I and many others have argued for years that ‘the left’, or to be fair the voices that dominate the far left in politics and culture, became a regressive force after the Cold War. Its leaders allied with and excused regimes that were the enemies of socialism, feminism and liberalism: Iran, Saddam’s Iraq, Milosevic’s Serbia, Putin’s Russia, and Hamas and other clerical fascist versions of Islam. Why its supporters did not care, or even notice, is a question with many answers. Bolton and Pitts’ are worth reading because theirs is an explanation not just of the Corbyn Labour party but of the post-crash West.

Since 2008, the most strikingly successful political movements have evaded the world as it is by blaming voters’ troubles on a simple enemy. David Cameron, George Osborne and Nick Clegg said that the disaster was the result of overspending rather than the collapse of the financial system. As surely as Viktor Orban or Donald Trump, they told a story about an honest, hardworking people, who had been betrayed by a liberal elite (in our case the Labour government) which had lavished their money on scroungers who lay in bed while the plain folk were shaken awake by the alarm that called them to work.

The left wing variant of the undeserving poor, whose greed threatened the honest and cozened people, was the one per cent – the bankers and speculators – who had so rigged the world that it operated as a conspiracy against everyone else. The Brexiters shifted the pieces around the board. Their evil geniuses were no longer members of the Labour government or the organisers of neo-liberalism but the Eurocrats. The undeserving minority, on whose behalf they were rigging the system, was no longer scroungers or the one per cent but migrants who were undercutting wages and taking money from the NHS.

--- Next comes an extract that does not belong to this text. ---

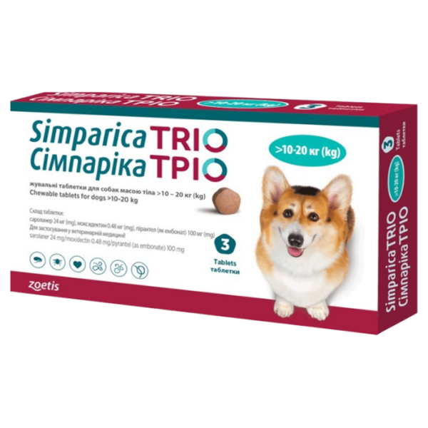 გამოიყენება ძაღლში, რომლებსაც აქვთ გარე და შიდა პარაზიტების შერეული ინვაზიები ან აქვთ ინვაზიის გაზრდილი რისკი. სიმპარიკა ტრიო გამოიყენება ერთდროულად გამოვლენილი ტკიპების, რწყილების და კუჭ-ნაწლავის ნემატოდების წინააღმდეგ. პრეპარატი ასევე გამოიყენება დიროფილარიოზის დაავადების (Dirofilaria spp.) და ანგიოსტრონგილოზის (angiostrongylus vasorum) პროფილაქტიკისთვის.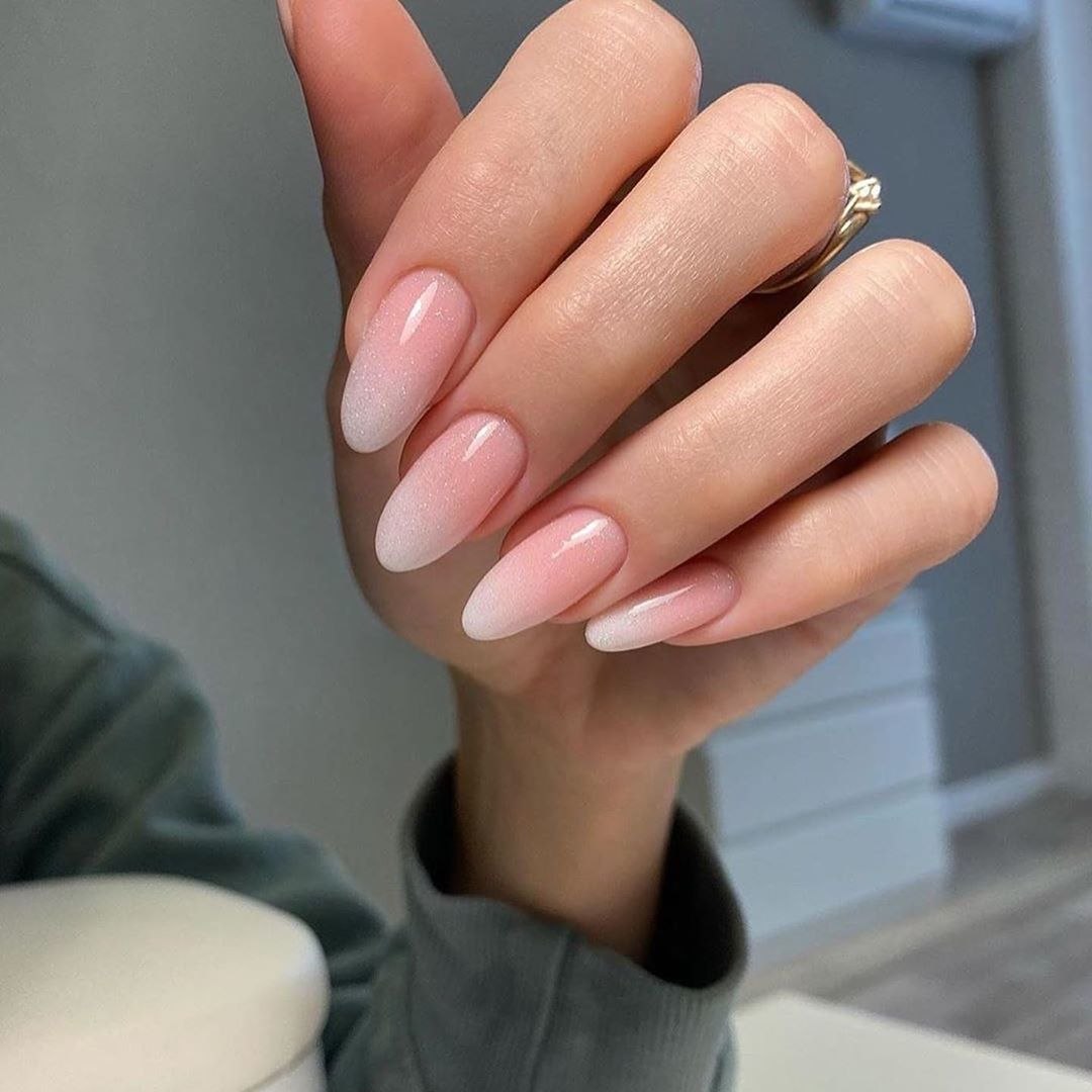 Нюдовый маникюр 2020 миндаль с втиркой

All these reactions to the crash involve a flight from complexity. Just as supporters of Brexit cannot acknowledge that Britain is a part of an interdependent European economy, and that tearing up the compromises our position in the world entails will create enduring damage, so Corbynism has freed the left from thinking about the compromises living in a part-capitalist economy have always imposed on it. Until now, no centre-left government has been able to escape the constraints, and few have wanted to. They have had to acknowledge that there is no conceivable way to find the taxes to fund a decent society without allowing profit and attending to the needs of the business. The two are dependent on each other and conflict with each other. Neither side can walk away. The right must accept in turn that a productive economy rests on a well-educated and healthy workforce, which the wealthy must help pay for, as well as on trading relationships with neighbours, which limit sovereignty.

To say the far left has never understood interdependence is to understate the case. As surely as the Brexit right, its sole reason for existing is its belief that no compromise is desirable, and its function is to “take back control” from the bankers and the parasites.

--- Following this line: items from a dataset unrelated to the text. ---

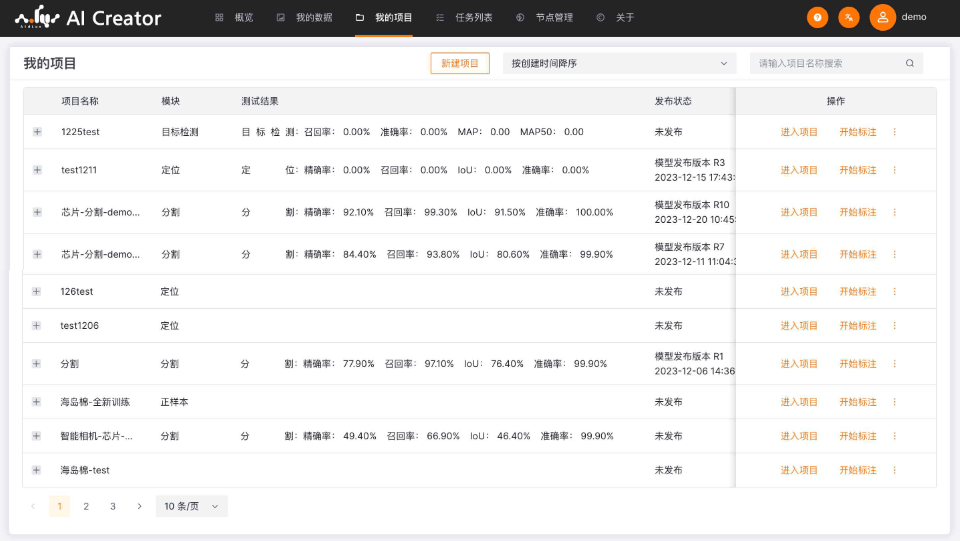 我的项⽬主要⽤于管理⼯程项⽬的标注、模型训练、模型评估、模型验证以及模型发布和下载。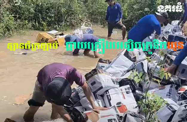 រថយន្តដឹកទំនិញនេះ គ្មានស្លាកលេខ បានក្រឡាប់បណ្តាលឱ្យទំនិញជាប្រភេទគ្រឿងអេឡិចត្រូនិក នាំចូលពីប្រទេសវៀតណាម បានធ្លាក់ចូលប្រឡាយទឹក។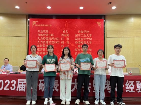 大会开始,首先由副校长陈赤平教授为大会致辞。陈校长结合了自身多年培养研究生的经验,对台下的大三学子进行了敦敦教诲,而后,对于即将毕业,开启新征程的上岸大四同学,陈校长也提出了三点期望,第一,要树立长远的目标,有目标,才有动力。第二,要为设立的目标付出自己的努力,注重量的积累。第三,要乘势而上,只争朝夕,在行胜于言的实干中成就人生高度。随后,管理学院党委书记余博宣读了2023年考研优秀毕业生名单,并为到场的51位上岸同学进行了颁奖。大会的最后,由管理学院院长徐运保教授进行了总结发言,希望2024年即将考研的同学们理清考研动机,明晰前进方向,坚定信念做好规划,明年此时,恭候佳音。

As Bolton and Pitts observe, the result is a highly personalised and moralistic politics, a thousand miles away from rigorous economic and class analysis. The hook-nosed “Rothschild” is the left’s version of the Polish plumber or layabout scrounger. The symmetry with the Trump and the Brexit movement is close to perfect. All oppose the EU. All admire Putin, and in the case of Arron Banks and Seumas Milne pay homage to the Russian state. We should not be surprised. If you believe that liberal democracy is a sham – a conspiracy that hides the machinations of the real rulers of the world – any attack on the liberal order is better than none.

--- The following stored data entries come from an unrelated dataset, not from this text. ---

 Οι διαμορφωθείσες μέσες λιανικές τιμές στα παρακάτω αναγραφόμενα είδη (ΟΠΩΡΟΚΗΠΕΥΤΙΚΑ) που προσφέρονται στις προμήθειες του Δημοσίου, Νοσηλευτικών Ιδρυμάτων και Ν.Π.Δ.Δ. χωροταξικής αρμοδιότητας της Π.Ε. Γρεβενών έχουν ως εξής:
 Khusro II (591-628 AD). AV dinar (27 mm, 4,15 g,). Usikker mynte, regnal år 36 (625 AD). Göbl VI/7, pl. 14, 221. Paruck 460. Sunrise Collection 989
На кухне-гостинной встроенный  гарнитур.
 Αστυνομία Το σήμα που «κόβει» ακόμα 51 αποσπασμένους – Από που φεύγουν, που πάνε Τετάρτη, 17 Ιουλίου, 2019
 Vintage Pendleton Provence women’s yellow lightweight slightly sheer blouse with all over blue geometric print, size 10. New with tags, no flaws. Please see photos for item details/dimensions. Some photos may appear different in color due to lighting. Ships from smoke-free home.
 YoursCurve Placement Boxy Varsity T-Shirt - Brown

In their best passage, the authors describe why a dim, unprepossessing man with no noticeable characteristics beyond obstinacy and self-righteousness can inspire the level of devotion as a Trump or a Putin. The true face of the 21st century far left in Britain is George Galloway. Say what you will about him, and I have said much, he is honest in his own way. He was not just against war in Iraq but for Saddam Hussein. Corbyn produced propaganda for the Iranian state but was he for its oppression of women, gays and religious and ethnic minorities? Unlike Galloway he is too slippery to say. The trick of his supporters has been to alchemise his slyness into modesty. They have elevated the leader’s personal goodness and placed him ‘in a higher realm above the tainted institutions and processes of liberal democracy’. If you support him, you too are good. And if you are good you cannot possibly be an antisemite or misogynist or a supporter of barbaric dictators – even though to outsiders you give every appearance of being all of these things.